Figs. 213–215.
Figs. 216–218.
The quite simple leaves to which we now descend, exhibit, very distinctly, a parallel series of facts. Where they grow up on long and completely-independent foot-stalks, without definite subordination to some central vertical axis, the leaves of water-plants are symmetrically peltate. Of this the sacred Indian-bean, Fig. [216], furnishes an example. Here there is only a trace of bilateralness in the venation of the leaf, corresponding to the very small difference of the conditions on the proximal and distal sides. In the Victoria regia, Fig. [217], the foot-stalks, though radiating almost horizontally from a centre, are so long as to keep the leaves quite remote from one another; and in it each leaf is almost symmetrically peltate, with a bilateralness indicated only by a seam over the line of the foot-stalk. The leaves of the Nymphæa, Fig. [218], more closely clustered, and having less room transversely than longitudinally, exhibit a marked advance to the two-sided form; not only in the excess of the length over the breadth, but in the existence of a cleft, where in the Victoria regia there is merely a seam. Among land-plants similar forms are found under analogous conditions. The common Hydrocotyle, Fig. [219], which sends up direct from its roots a few almost upright leaf-stalks, has these surmounted by peltate leaves; which leaves, however, diverge slightly from radial symmetry in correspondence with the slight contrast of circumstances which their grouping involves. Another case is supplied by the Nasturtium, Fig. [220], which combines the characters—a creeping stem, long leaf-stalks growing up at right angles to it, and unsymmetrically peltate leaves, of which the least dimension is, on the average, towards the stem. But perhaps the most striking illustration is that furnished by the Cotyledon umbilicus, Fig. [221], in which different kinds of symmetry occur in the leaves of the same plant, along with differences in their relations to conditions. The root-leaves, a, growing up on vertical petioles before the flower-stalk makes its appearance, are symmetrically peltate; while the leaves which subsequently grow out of the flower-stalk, b, are at the bottom transitionally bilateral, and higher up completely bilateral.
Figs. 219–221.
That the bilateral form of leaf is the ordinary form, corresponds with the fact that, ordinarily, the circumstances of the leaf are different in the direction of the plant’s axis from what they are in the opposite direction, while transversely the circumstances are alike. It is needless to give diagrams to illustrate this extremely familiar truth. Whether they are broad or long, oval or heart-shaped, pointed or obtuse, the leaves of most trees and plants will be remembered by all as having the ends by which they are attached unlike the free ends, while the two sides are alike. And it will also be remembered that these equalities and inequalities of development correspond with the equalities and inequalities in the incidence of forces.

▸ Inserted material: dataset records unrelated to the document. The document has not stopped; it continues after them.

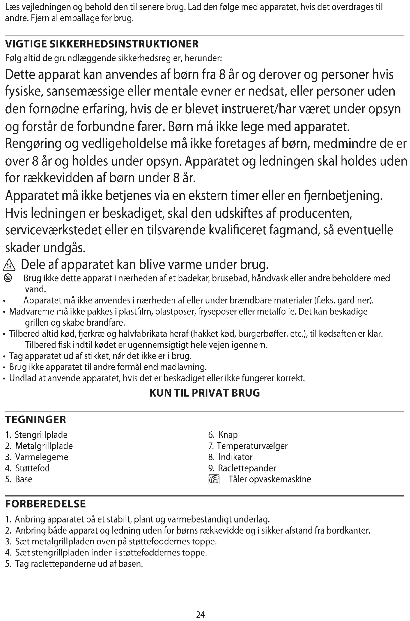 AE24 Læs vejledningen og behold den til senere brug. Lad den følge med apparatet, hvis det overdrages til andre. Fjern al emballage før brug. VIGTIGE SIKKERHEDSINSTRUKTIONER Følg altid de grundlæggende sikkerhedsregler, herunder: Dette apparat kan anvendes af børn fra 8 år og derover og personer hvis fysiske, sansemæssige eller mentale evner er nedsat, eller personer uden den fornødne erfaring, hvis de er blevet instrueret/har været under opsyn og forstår de forbundne farer. Børn må ikke lege med apparatet. Rengøring og vedligeholdelse må ikke foretages af børn, medmindre de er over 8 år og holdes under opsyn. Apparatet og ledningen skal holdes uden for rækkevidden af børn under 8 år. Apparatet må ikke betjenes via en ekstern timer eller en ernbetjening. Hvis ledningen er beskadiget, skal den udskiftes af producenten, serviceværkstedet eller en tilsvarende kvalificeret fagmand, så eventuelle skader undgås.
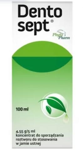 Dentosept w postaci koncentratu do sporządzania roztworu do płukania jamy ustnej jest tradycyjnym lekiem roślinnym przeznaczonym do stosowania w stanach zapalnych jamy ustnej i gardła oraz przy krwawieniu z dziąseł i pomocniczo w parodontozie.
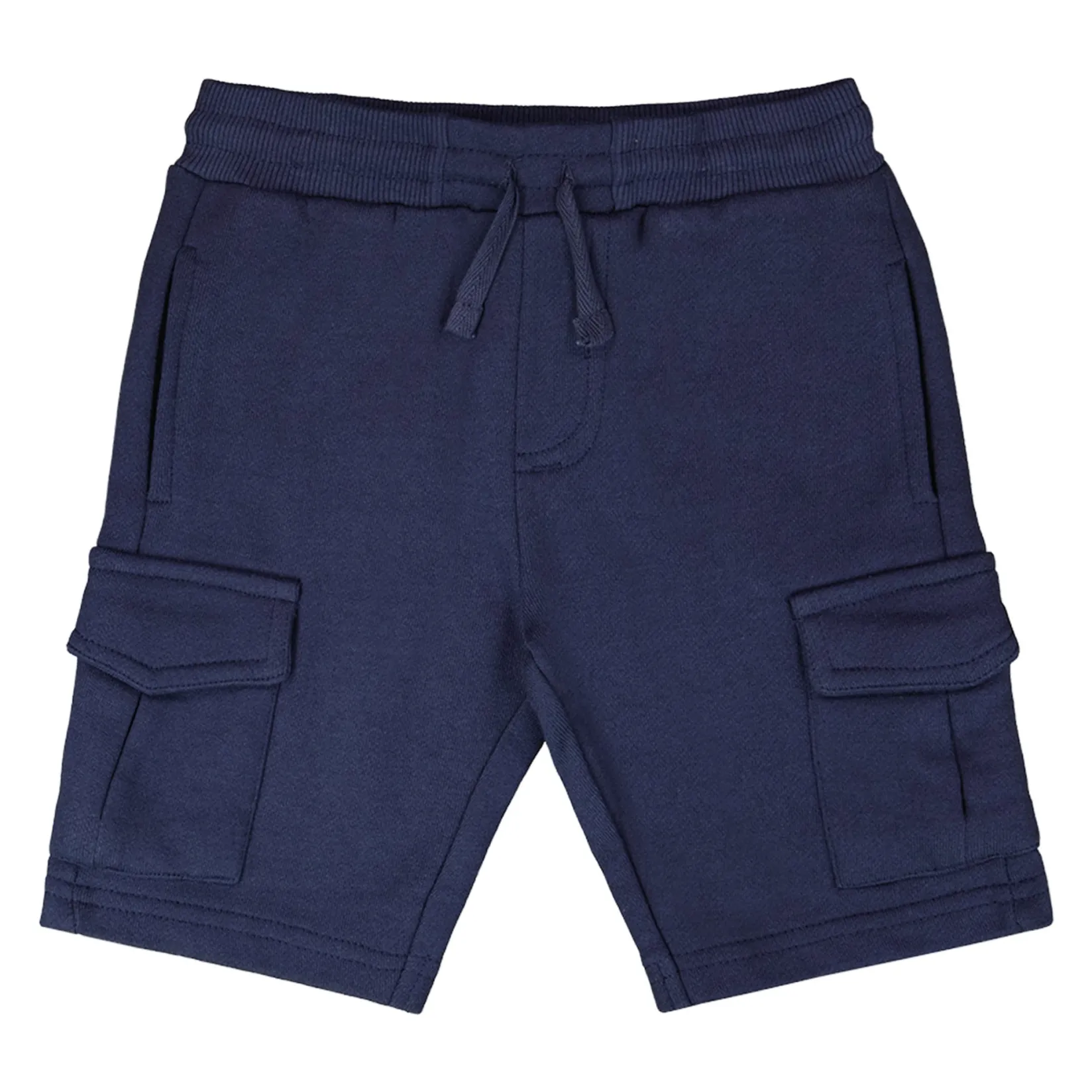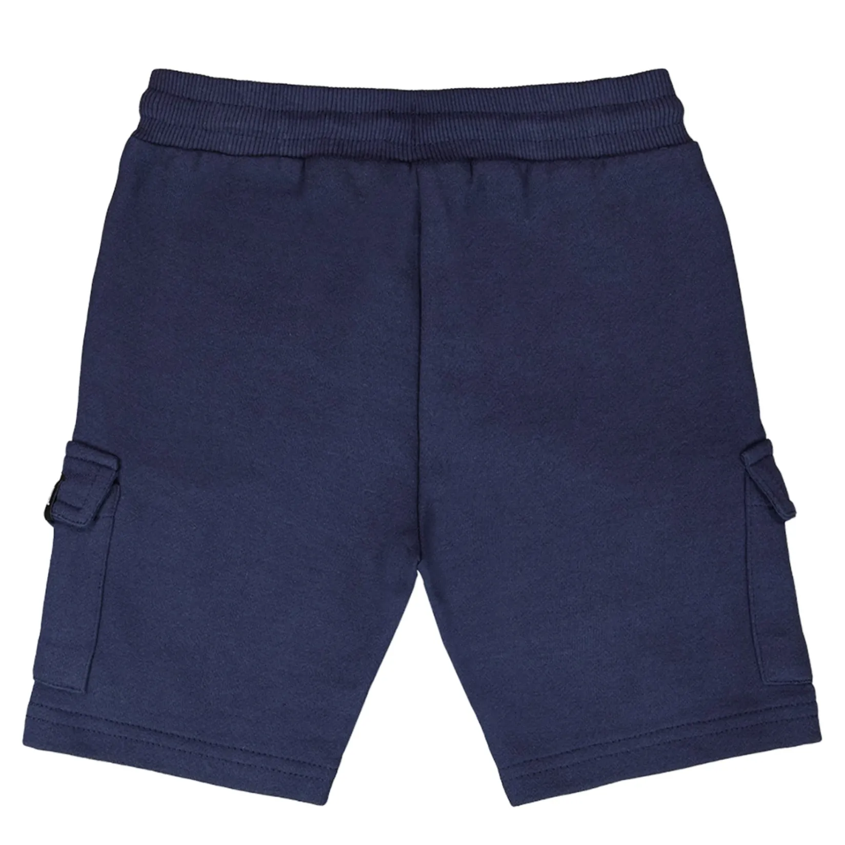 The French terry shorts in blue are a comfy yet practical summer essential for boys. These bottoms are designed with an elastic waistband for easy pull-on wear, slit side pockets, and functional cargo pockets for a casual utility look. Made from soft cotton-blend French terry, they are perfect for play and everyday adventures in the “Coastal Days” collection.
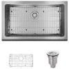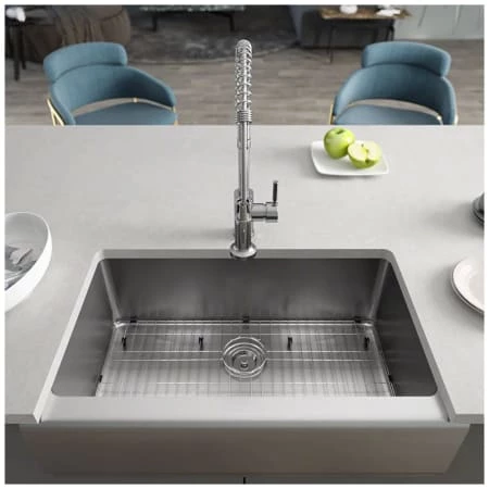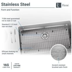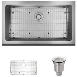No longer constructed solely of porcelain, this apron, or farmhouse, style sink is a premier example of a modern metal, stainless steel, being used in a nostalgic design. Constructed from a single sheet of the highest-quality 304 steel. Overall it measures 32 3/4″ x 20″ x 10″, with a brawny 16-gauge thickness and a single-bowl format. It will not rust or stain, is insulated, quiet, and guaranteed by a limited lifetime warranty. Template and mounting hardware is included. To protect the sink surface from scratches or dents, one superior-quality, custom-fitted, stainless steel grid is included. Its removable rubber feet raise it slightly above the bottom of the sink. The included basket strainer is capable of holding much more waste than common models. Its roomy interior is perforated and can be removed with its own handle.

§ 230. A confirmation that is interesting and important, is furnished by the cases in which leaves present unsymmetrical forms in positions where their parts are unsymmetrically related to the environment. A considerable deviation from bilateral symmetry may be seen in a leaf which habitually so carries itself, that the half on the one side of the mid-rib is more shaded than the other half. The drooping branches of the Lime, delineated in Fig. [222], show us leaves so arranged and so modified. On examining their attitudes and their relations one to another, it will be found that each leaf is so inclined that the half of it next to the shoot grows over the shoot and gets plenty of light; while the other half so hangs down that it comes a good deal into the shade of the preceding leaf. The result is that having leaves which fall into these positions, the species profits by a large development of the exposed halves; and by survival of the fittest, acting along with the direct effect of extra exposure, this modification becomes established. How unquestionable is the connexion between the relative positions of the halves and their relative developments, will be admitted on observing a converse case. Fig. [223] represents a shoot of Strobilanthes glomeratus. Here the leaves are so set on the stem that the inner half of each leaf is shaded by the subsequently-formed leaf, while its outer half is not thus shaded; and here we find the inner half less developed than the outer half. But the most conclusive evidence of this relation between unsymmetrical form and unsymmetrical distribution of surrounding forces, is supplied by the genus Begonia; for in it we have a manifest proportion between the degree of the alleged effect and the degree of the alleged cause. These plants produce their leaves in pairs, in such ways that the connate leaves interfere with one another, much or little according as the foot-stalks are short or long; and the result is a correlative divergence from symmetry. In Begonia nelumbiifolia, which has petioles so long that the connate leaves are not kept close together, there is but little deviation from a bilaterally-peltate form; whereas, accompanying the comparatively marked and constant proximity in B. pruinata, Fig. [224], we see a more decidedly unsymmetrical shape; and in B. mahringii, Fig. [225], the modification thus caused is pushed so far as to destroy the peltate structure.[34]